The solemnity of a nation at war helped keep the looks in modest check, he said. In addition, new and emerging style icons, including Scarlett Johansson, Natalie Portman and Emmy Rossum, enhanced the ladylike nature of the evening.“They represent a contemporary mix of good taste and glamour — it’s not about T&A or selling sex,” Schwartz said. “The whole thing about being appropriate and showing respect is more important than ever.”

He chose six designs for his adaptations: Cate Blanchett’s yellow, one-shouldered look (Valentino), Charlize Theron’s strapless aqua blue gown with tiered netting (Dior Couture by John Galliano), Portman’s Grecian number (Lanvin), Halle Berry’s one-shouldered, champagne-colored gown (Atelier Versace), Rossum’s strapless dress (Ralph Lauren) and Gwyneth Paltrow’s pale pink strapless gown (Stella McCartney). To give them consumer appeal, he’ll doctor them by removing the trains, toning down the colors and shrinking the bustles.

The line of replicas will ship in May and June and will wholesale from $150 to $200 in fabrics such as satin, velvet and taffeta.

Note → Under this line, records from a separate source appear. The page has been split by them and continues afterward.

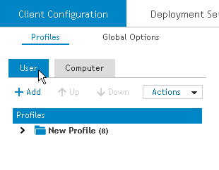To create a profile, first choose either the User or Computer tab. Select the level of the profile tree where the profile will be created. For a parent or top level profile, select the Profiles level in the tree. For a child profile, select the parent profile it will be created within. Next click the Actions drop list and select Add. A new profile will be created at the level you selected. It will be temporarily named New Profile. Type over the profile name and give it a more meaningful name. You can then expand the profile to reveal the profile objects.
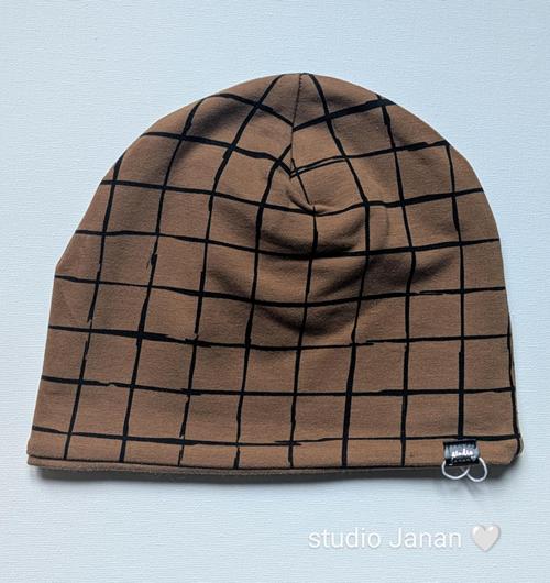 Čepice se vzorem kostek na hnědém podkladu.
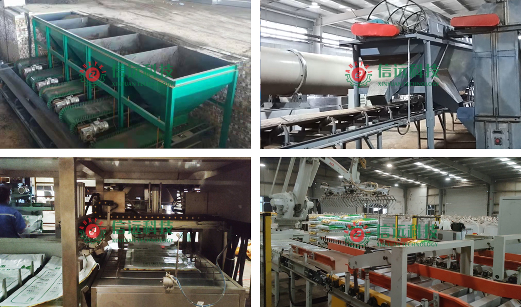 該套方案中的有機(jī)原料在一定周期內(nèi)通過翻堆通風(fēng)的方式完成發(fā)酵過程,腐熟后的原料經(jīng)過粉碎系統(tǒng)擠壓脫水進(jìn)入配料和攪拌系統(tǒng),混合均勻的原料卸料至高速回轉(zhuǎn)的造粒系統(tǒng)完成球化成粒,成粒原料需要經(jīng)過烘干、冷卻和篩分過濾,篩分環(huán)節(jié)可以設(shè)置一級篩分、二級篩分,使成品率更高,顆粒度更好的有機(jī)原料進(jìn)入包膜環(huán)節(jié)進(jìn)行粒度定型鞏固,然后進(jìn)入成品包裝環(huán)節(jié)。包裝工段可以實(shí)現(xiàn)自動取袋、上袋、套袋、夾袋、計(jì)量、充填,當(dāng)袋內(nèi)物料達(dá)到設(shè)定重量后,自動停止充填、自動松袋落袋、抱袋裝置自動推送至縫包機(jī)前,完成包裝袋封口。成品袋在輸送過程中,自動完成倒包、振實(shí)、壓平等理包整形作業(yè),機(jī)器人進(jìn)行碼垛(雙包型抓手),叉車搬運(yùn)入庫。
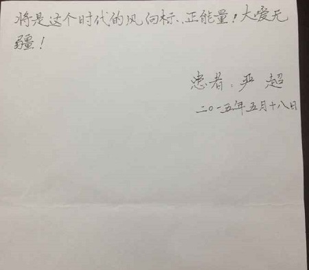 急诊患者严超在公交车上,因司机的操作不当,致使其头部受伤,当时(中新合资)广州现代医院保障部保安唐冬阳在场,唐先生以超人的速度将严超背到急诊科治疗,同时在岗的杜政赞也及时给予帮助,患者本人非常感动,患者称,人间自有真情在,我为能够认识医院有爱心的人们感到荣幸,感谢帮助他的人,感谢综合病区所有值班的医护人员,为广州现代医院所有工作人员点赞!
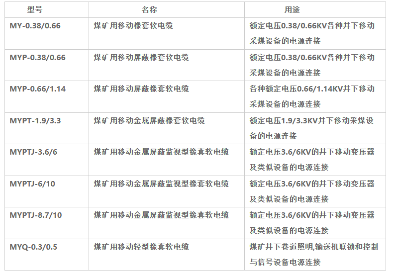 煤矿用移动橡套软电缆执行标准:MT818-2009,本产品适用于额定电压8.7/10KV及以下煤矿用橡套电缆,电缆长期工作温度
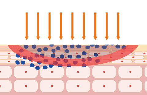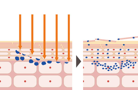 ピコレーザーで真皮層に残っている色素(刺青)に照射します。周囲の皮膚を傷つける事なく、色素細胞に反応します。従来のレーザーに比べ色素粒子をより細かく分解します。細かく破砕された色素は代謝排泄されます。
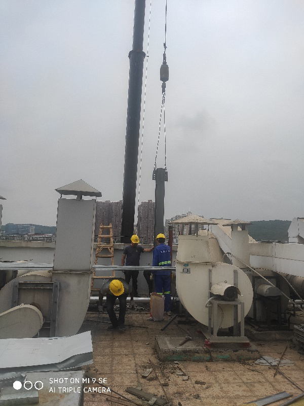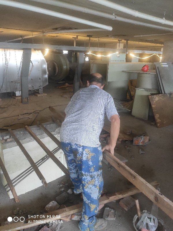 3、723,通风改造施工队聘请的吊车进场,经过监理对吊车及人员相关资料核验无误后,进行吊装作业,725日完成附楼原有钢架拆卸工作,726日开始对新钢架进行吊装。
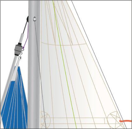 Rollfock, Wanten-Fixierung, Segelschnitt.
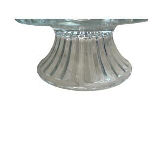 Vintage Fostoria American Footed Trifle Bowl, a timeless piece reflecting the elegance of the 1950s. The clear glass bowl showcases a distinctive cubed pattern, complemented by its round shape, making it a striking addition to any tabletop or showcase. Measuring 6 inches in diameter and standing 5.5 inches tall, this bowl is perfect for hosting guests or adding a touch of sophistication to your home.
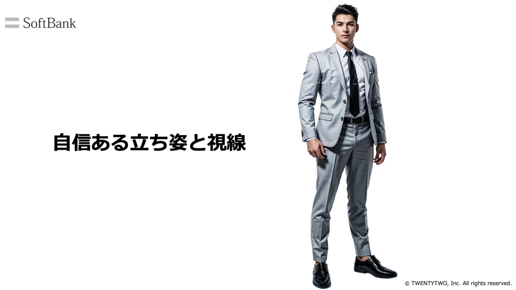 真正面から視線を向ける立ち姿には、「やると決めたら徹底的にやる」「迷わず決断する」といった孫正義イズムに通じる強い意志と胆力が表れています。
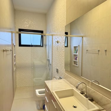 Casa Térrea, com 4 Quartos ( 1 Suíte com Closet) toda Planejada e Decorada. Sala ampla , jantar e cozinha planejada, área Gourmet completa com lavabo, dispensa, lavanderia grande, e escritório. Garagem para 3 Carros. 285 m²
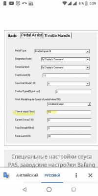 На покатушках заметил одну неприятную особенность,  если еду на ручке газа (газ при этом  настроен на 9 уровень паса) то при необходимости помочь педалями ручка газа вдруг отключалась и мотор переходил в режим ассистента со всеми вытекающими. Например стоял первый пас,  я ехал в крутую горку на ручке газа,   решил помочь педалями а двигатель вдруг резко теряет мощность тк сработало условие ограничения 1го уровня паса. Перестаю крутить педали - начинает работать от ручки с макс мощностью.. В общем  работал либо пас либо газ, вместе они нормально работать не захотели)) это создаввло неудобство тем, что я не мог  получить макс мощность мотора без переключения на повышенный  pas, а щелкать туда сюда не очень удобно. Погуглив форум нашел статью где буржуи отключают пас физически отключая провода в моторе, однако в другой статье нашел что пас можно отключить программно, попробовал - работает.  В общем во вкладке настройки ассистента есть параметр Time of stop,  который определяет как быстро мотор остановится после прекращения вращения педалей, у меня стоял 10.  Установил значение 1 и Pas перестал работать напрочь,  совсем не подключается))  затем зашел в настройки ручки газа и выбрал режим мощности в зависимости от того что на экране.  В итоге получилось что ручкой газа я могу использовать ту мощность,  которая задана уровнем Pas на дисплее.  К примеру если стоит первый уровень - запрограмированная мощность макс 200вт, и она будет всегда независимо от того помогаю я педалями или нет. И что самое важное  двигатель не отключается если помогаю педалями,  крутится с той скоростью которую задаю ручкой газа и с тем током который выбран уровнем паса.  Настроил 4 уровня  1й -200вт, второй - 700вт, третий - 1100вт, нулевой  - макс мощность. В домашних условиях все работает, осталось потестить вживую :)

Schwartz’s least favorite dress was the backless body-skimmer with a high front designed by Guy Laroche and worn by best-actress winner Hilary Swank.

“It was restricting — it looked like Lauren Bacall should have worn it,” he said.

Another Oscars watcher and reinterpreter is L.A.-based WWW Collections, whose wholesale price points range from $49 to $149. The colors and drama of this year’s event are what caught the eye of WWW Collections’ sales manager, David Bershad.

“The ruffling, the jeweled trims and the brooches — the gowns looked so rich,” he said.

Topping his list of salable fashions were the frothy looks worn by Theron and Ziyi Zhang, who donned a Monique Lhuillier gown adorned in ruffles. Bershad plans to co-opt the designs in skirt looks using stretch taffeta and silk organza for June shipments.

“Our whole existence in the past four years has focused on evening separates,” he said.

While most designers applauded the design concoctions displayed at the Oscars, some rued the perfection of it all. Juniors’ dress doyenne Jessica McClintock was hoping for a little more fashion derring-do.

“Something had been diminished about it,” she said. “I saw beautiful women…timeless pieces, but how many times can I see a timeless piece?”McClintock said the glamour of the show was in step with requests from her teenage consumers shopping for prom this year, from the netting and lace on Theron’s gown to the stretch charmeuse, jewel-encrusted pizzazz of Kate Winslet’s dress designed by Badgley Mischka.